▼▼▼
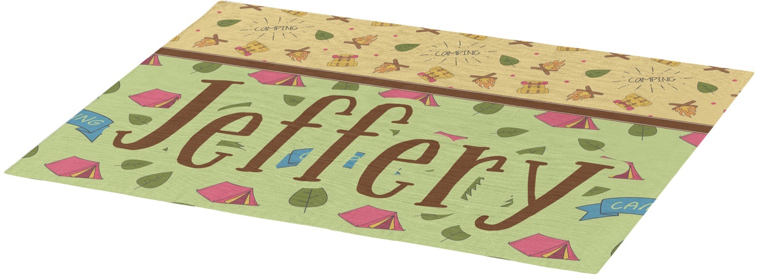 Each of our table mats are a poly twill material with woven burlap detailing. This creates a soft, quality placemat for us to fully print your personalized design across. The woven twill also adds a wrinkle-free surface to set your table! Each customizable placemat is a rectangle shape measuring at approximately 13 x 18 and printed here in the USA.
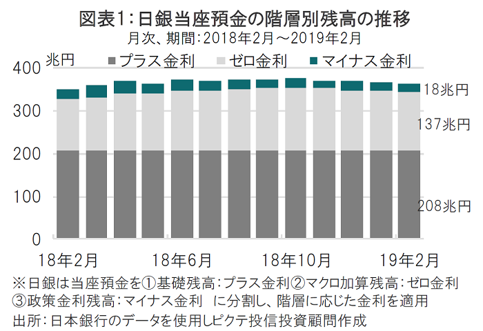 副作用軽減の具体策として市場が想定しているのは階層別当座預金金利です。当座預金を(階層に)分けて、マイナス金利を適用する階層と、適用しない部分に分別し、マイナス金利の対象を限定する仕組みです。日銀は16年に3段階の階層別金利を導入しています(図表1参照)。
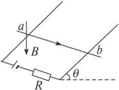 21.(10分)在与水平方向成θ角的光滑导轨上放一导体棒ab,导轨间距为L,质量为m(电阻不计),整个装置放在磁感应强度为B的匀强磁场中,如图所示.电源电动势为E,内阻为r,外电路电阻为R.求导体棒由静止释放时加速度为多大?
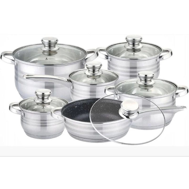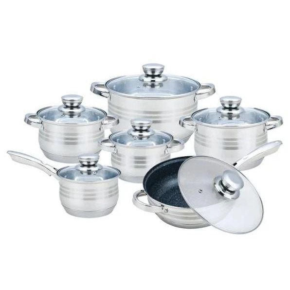 Набор состоит с 12 предметов: 4 кастрюли,1 ковш и вместительная сковорода с черным антипригарным покрытием. Все предметы изготовлены с высококачественной нержавеющей стали и укомплектованы термостойкими стеклянными крышками с паровыпуском. Ручки крепятся надежными заклепками, которые славятся своей долговечностью.
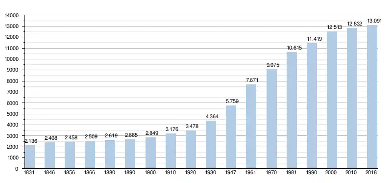 Graphe de l'évolution de la population de la commune. Les données ci-après intègrent les anciennes communes dans les données avant la fusion en 1977.
▲▲▲
The copy must start at the line containing "副作用軽減の具体策として市場" and end at the last line of the data, matching each line exactly. It must hold no pictures.

 副作用軽減の具体策として市場が想定しているのは階層別当座預金金利です。当座預金を(階層に)分けて、マイナス金利を適用する階層と、適用しない部分に分別し、マイナス金利の対象を限定する仕組みです。日銀は16年に3段階の階層別金利を導入しています(図表1参照)。
 21.(10分)在与水平方向成θ角的光滑导轨上放一导体棒ab,导轨间距为L,质量为m(电阻不计),整个装置放在磁感应强度为B的匀强磁场中,如图所示.电源电动势为E,内阻为r,外电路电阻为R.求导体棒由静止释放时加速度为多大?
 Набор состоит с 12 предметов: 4 кастрюли,1 ковш и вместительная сковорода с черным антипригарным покрытием. Все предметы изготовлены с высококачественной нержавеющей стали и укомплектованы термостойкими стеклянными крышками с паровыпуском. Ручки крепятся надежными заклепками, которые славятся своей долговечностью.
 Graphe de l'évolution de la population de la commune. Les données ci-après intègrent les anciennes communes dans les données avant la fusion en 1977.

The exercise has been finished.